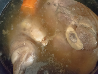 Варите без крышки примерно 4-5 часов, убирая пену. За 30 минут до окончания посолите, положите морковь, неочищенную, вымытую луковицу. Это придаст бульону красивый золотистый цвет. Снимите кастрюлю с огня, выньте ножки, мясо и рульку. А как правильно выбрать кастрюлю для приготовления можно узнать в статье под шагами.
══════
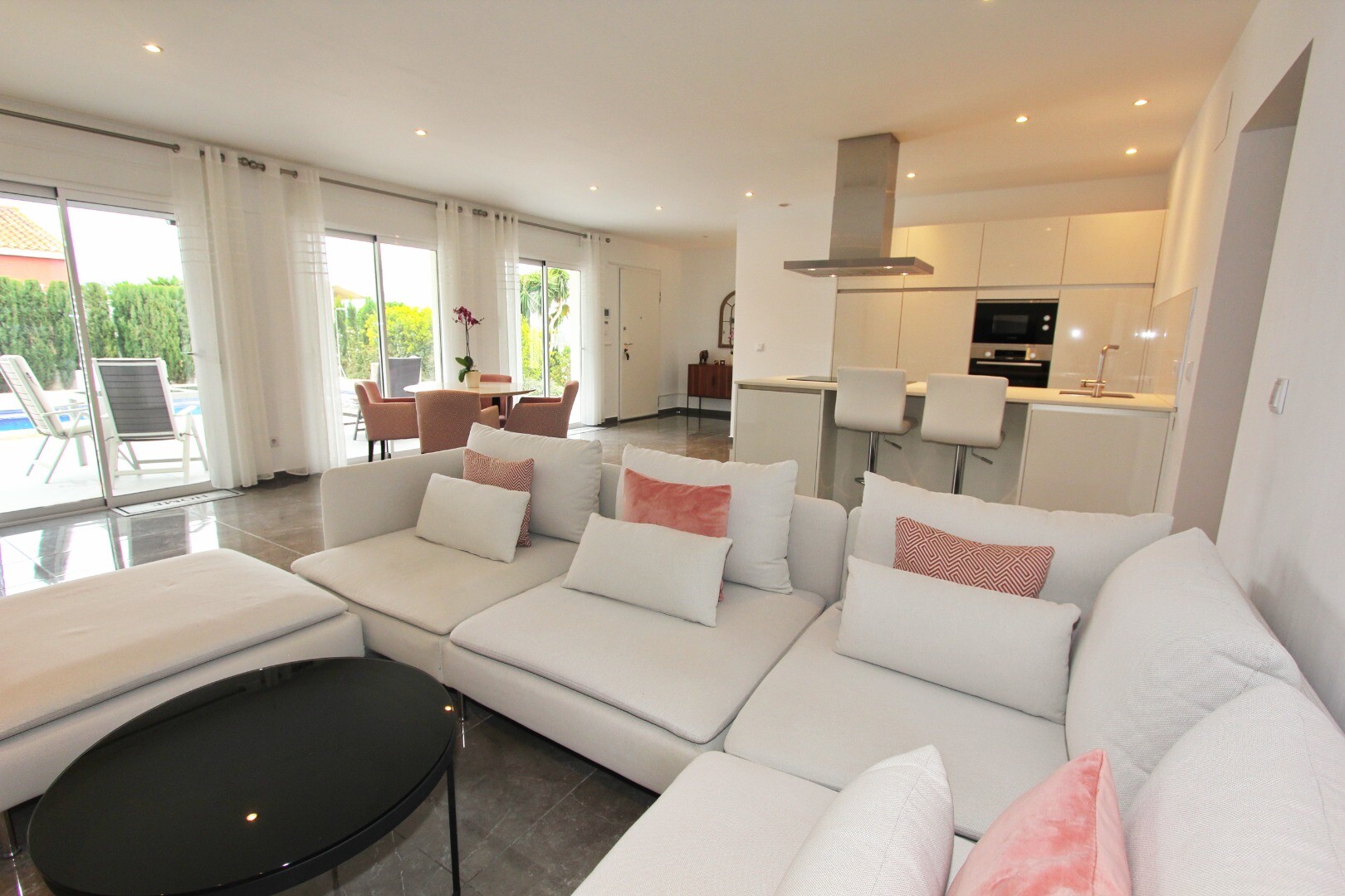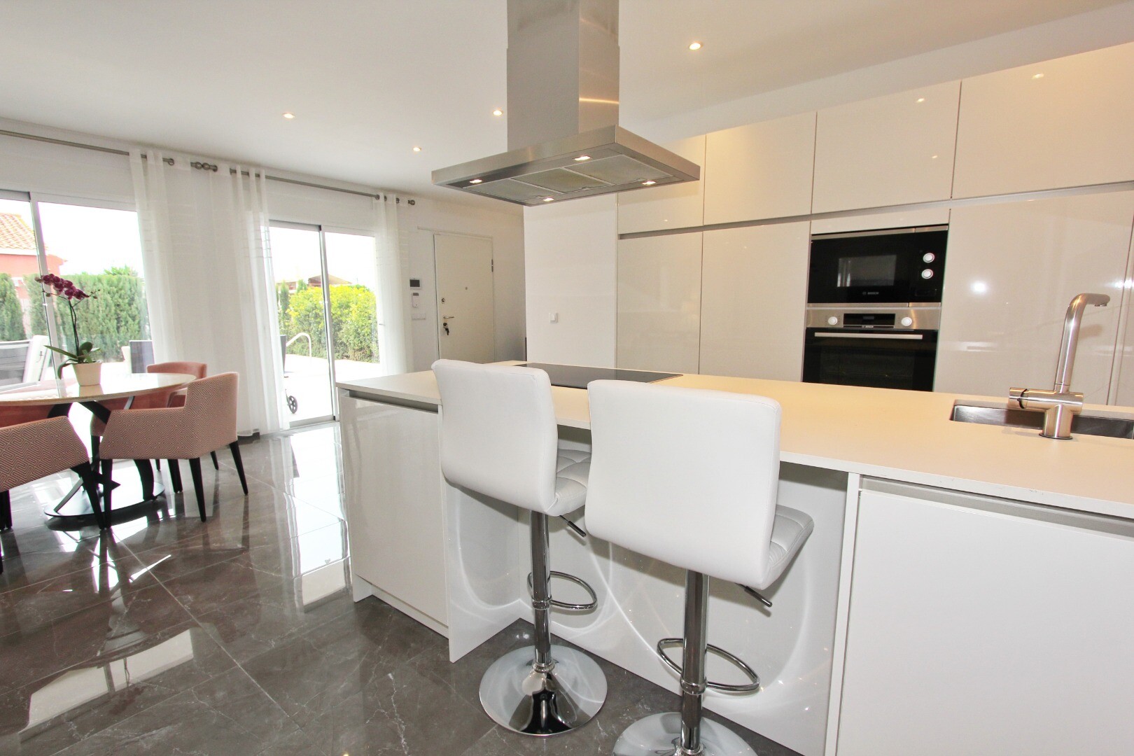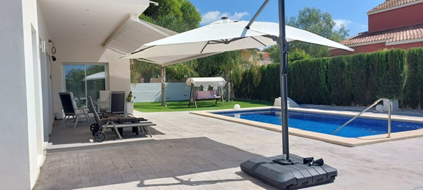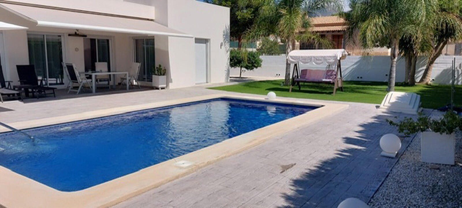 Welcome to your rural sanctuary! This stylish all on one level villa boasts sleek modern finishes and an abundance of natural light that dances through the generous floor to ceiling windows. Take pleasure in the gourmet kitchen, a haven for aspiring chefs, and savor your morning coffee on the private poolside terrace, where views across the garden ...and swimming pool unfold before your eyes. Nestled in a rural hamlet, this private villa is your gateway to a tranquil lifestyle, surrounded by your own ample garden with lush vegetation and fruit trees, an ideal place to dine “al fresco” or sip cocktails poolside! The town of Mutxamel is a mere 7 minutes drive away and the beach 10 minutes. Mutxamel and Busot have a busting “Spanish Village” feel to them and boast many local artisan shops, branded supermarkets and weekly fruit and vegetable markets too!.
══════
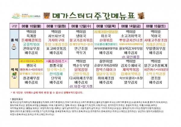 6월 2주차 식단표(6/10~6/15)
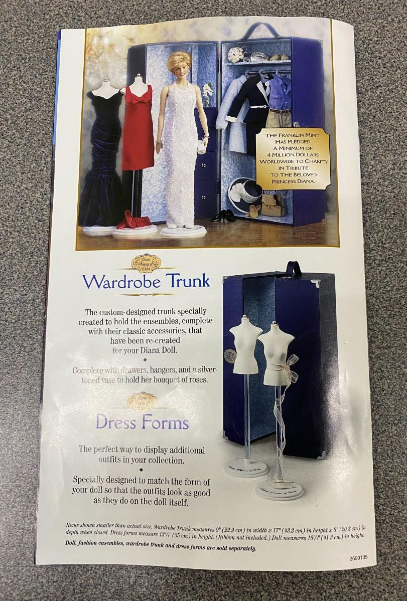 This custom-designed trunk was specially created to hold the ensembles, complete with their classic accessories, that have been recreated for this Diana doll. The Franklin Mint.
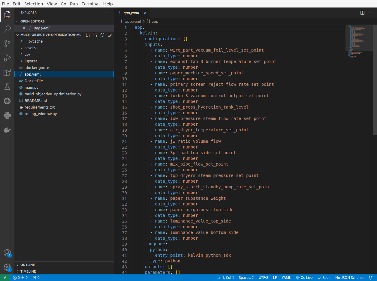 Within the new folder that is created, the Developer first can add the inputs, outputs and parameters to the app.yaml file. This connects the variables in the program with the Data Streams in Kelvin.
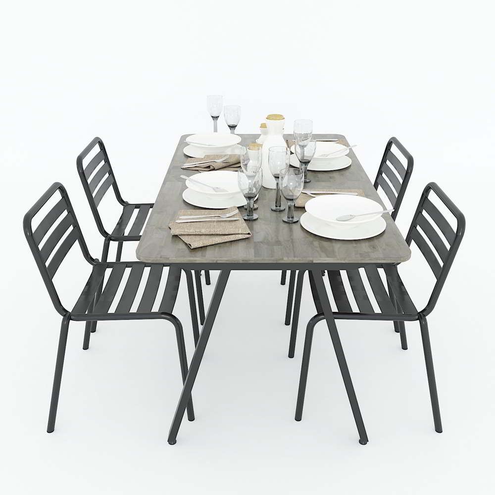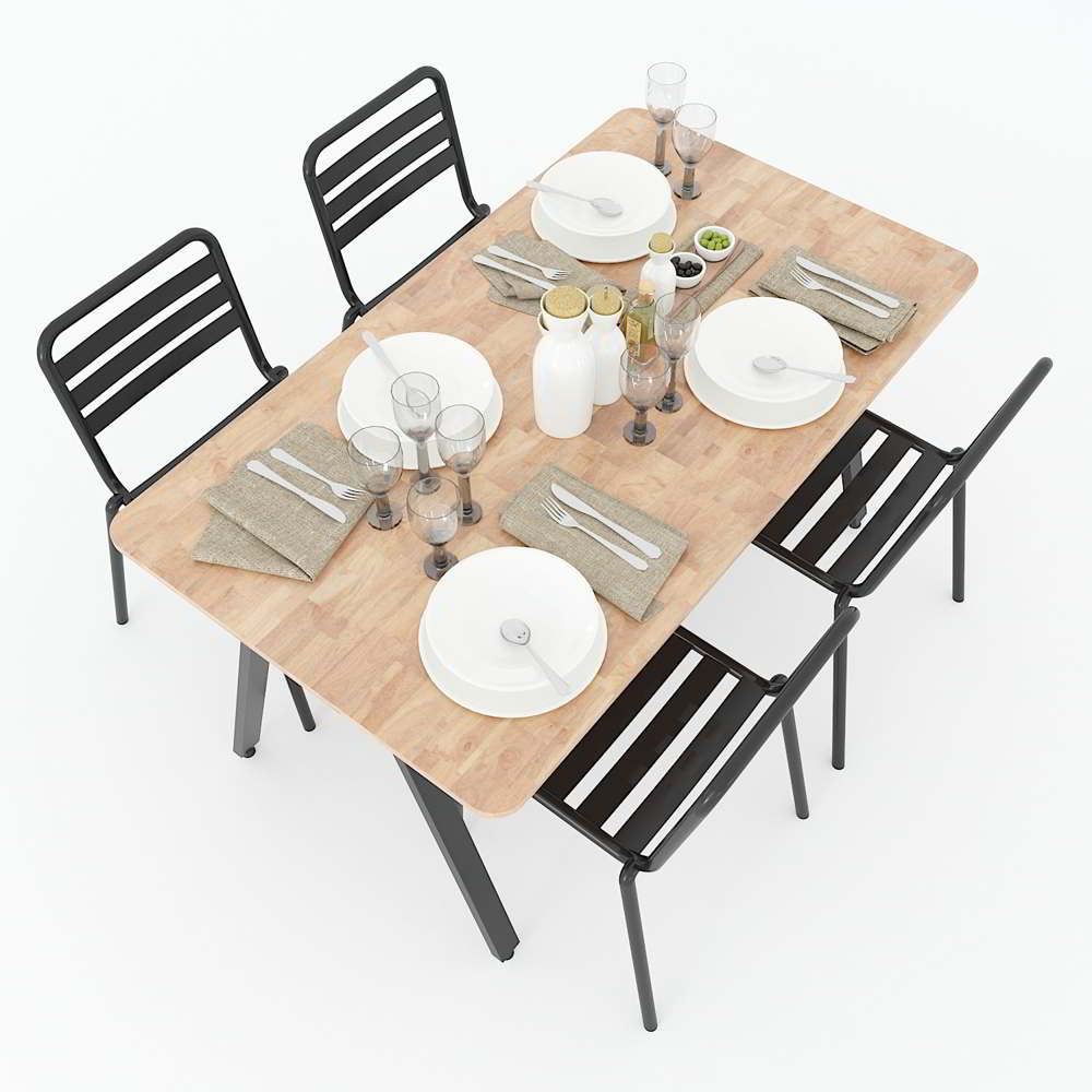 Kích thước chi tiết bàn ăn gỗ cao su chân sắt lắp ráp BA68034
══════
* Your objective: Could you output exactly the lines above, from the line with "Within the new" up to and including the line with "Kích thước chi", and nothing else, skipping the pictures?

* Response area:
 Within the new folder that is created, the Developer first can add the inputs, outputs and parameters to the app.yaml file. This connects the variables in the program with the Data Streams in Kelvin.
 Kích thước chi tiết bàn ăn gỗ cao su chân sắt lắp ráp BA68034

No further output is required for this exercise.